Output the listing below exactly, minus its images.

-------- RECORDED INFORMATION --------

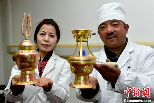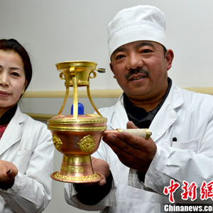 资料图西藏藏医院的工作人员展示改良后的藏医外治医疗器具。中新社发 李林 摄
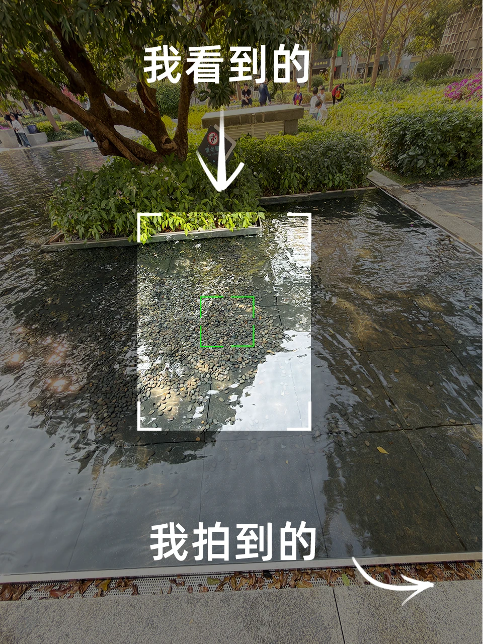 P2:利用电动车的后视镜作为画面框架,将远处的人物、树木和盛开的三角梅纳入其中,让原本杂乱的场景变得更加简洁、简洁。
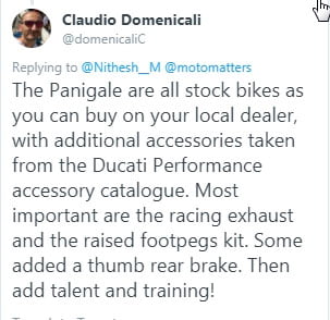 Interrogé pour savoir si les belles italiennes étaient configuration d’origine ou si elles disposaient de pièces de Superbike, le boss de Borgo Panigale a précisé: « Les Panigale sont des motos complètement de série que vous pouvez acheter chez votre concessionnaire local, avec des accessoires supplémentaires tirés du catalogue d’accessoires Ducati Performance. Les plus importants sont l’échappement de course et le kit de repose-pieds surélevés. Certains ont ajouté un frein arrière au pouce. Après, ajoutez du talent et de l’entraînement ! »

--------

● TASK RESULT
 资料图西藏藏医院的工作人员展示改良后的藏医外治医疗器具。中新社发 李林 摄
 P2:利用电动车的后视镜作为画面框架,将远处的人物、树木和盛开的三角梅纳入其中,让原本杂乱的场景变得更加简洁、简洁。
 Interrogé pour savoir si les belles italiennes étaient configuration d’origine ou si elles disposaient de pièces de Superbike, le boss de Borgo Panigale a précisé: « Les Panigale sont des motos complètement de série que vous pouvez acheter chez votre concessionnaire local, avec des accessoires supplémentaires tirés du catalogue d’accessoires Ducati Performance. Les plus importants sont l’échappement de course et le kit de repose-pieds surélevés. Certains ont ajouté un frein arrière au pouce. Après, ajoutez du talent et de l’entraînement ! »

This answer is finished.